> [Activity]:
Any picture in the material should be left out, while all other lines are copied exactly.

> [Material provided]:
== Segment start ==

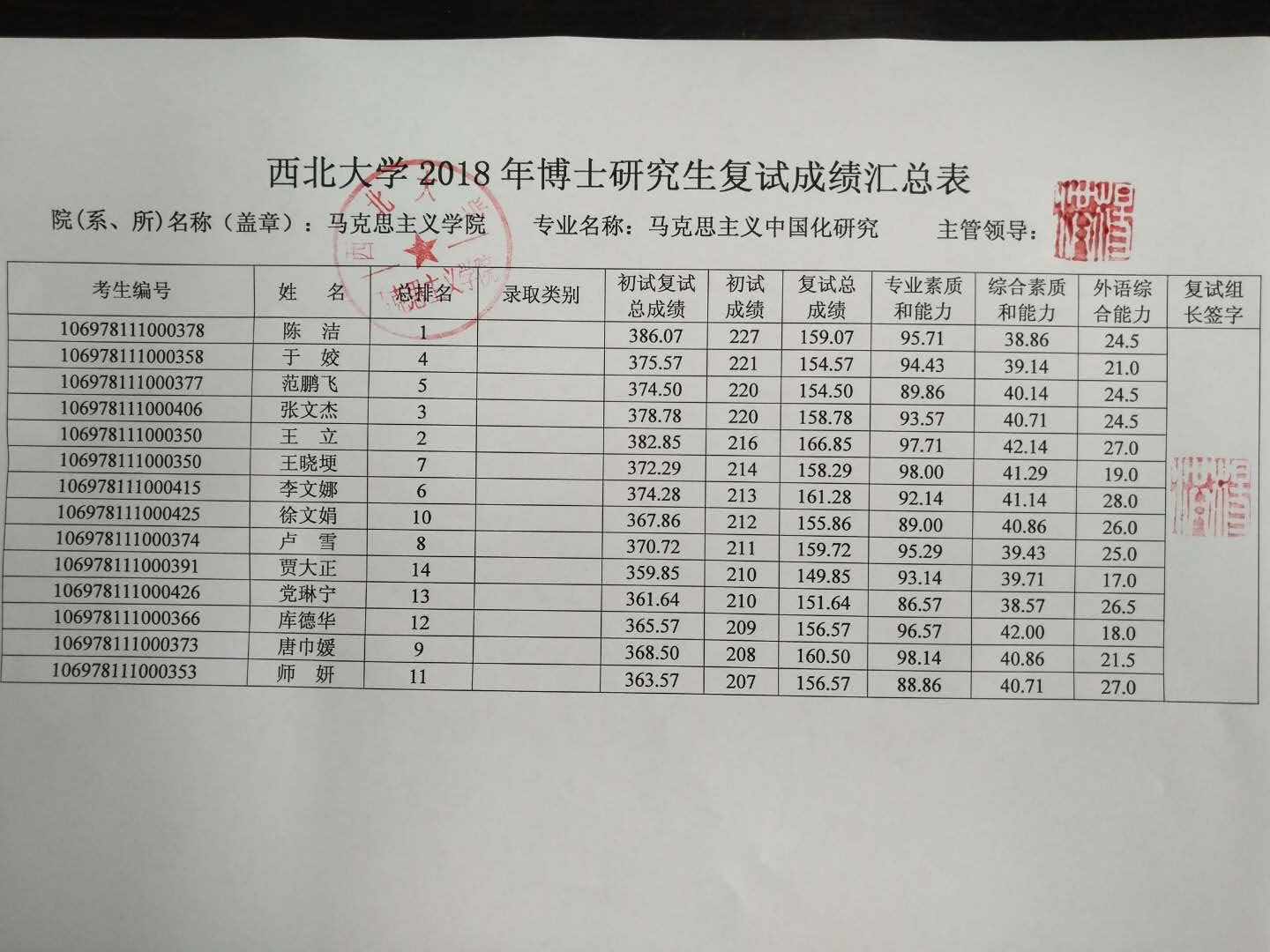 马克思主义学院2018年博士研究生复试成绩汇总表
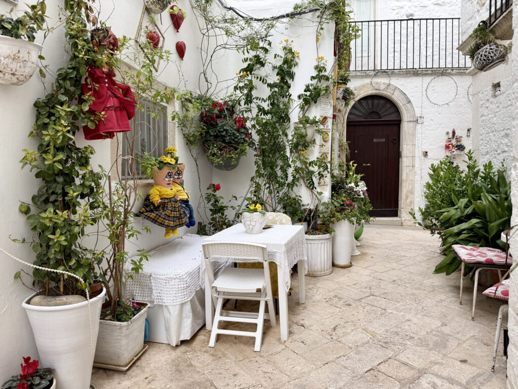 Aunque en casi todos los pueblos de alrededor los vecinos también engalanan sus calles con artesanía, en Locorotondo encontrarás decoración a cada paso. Lo mejor es perderse y dejarse llevar mientras paseas para descubrir rincones tan bonitos como este.
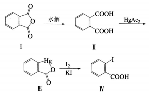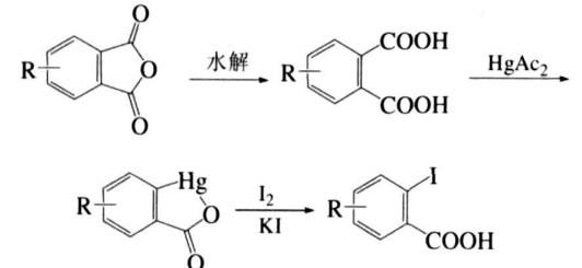 杨毅恒等设计并实施了另外一条合成路线,即直接以廉价的酐或酐衍生物为原料,经水解、汞代和碘代 3步反应便可合成出邻碘甲酸及其衍生物产品,产品的结构经熔点、1hnmr和ir表征得以证实。合成路线如下:

== Segment end ==

> [Your solution]:
 马克思主义学院2018年博士研究生复试成绩汇总表
 Aunque en casi todos los pueblos de alrededor los vecinos también engalanan sus calles con artesanía, en Locorotondo encontrarás decoración a cada paso. Lo mejor es perderse y dejarse llevar mientras paseas para descubrir rincones tan bonitos como este.
 杨毅恒等设计并实施了另外一条合成路线,即直接以廉价的酐或酐衍生物为原料,经水解、汞代和碘代 3步反应便可合成出邻碘甲酸及其衍生物产品,产品的结构经熔点、1hnmr和ir表征得以证实。合成路线如下:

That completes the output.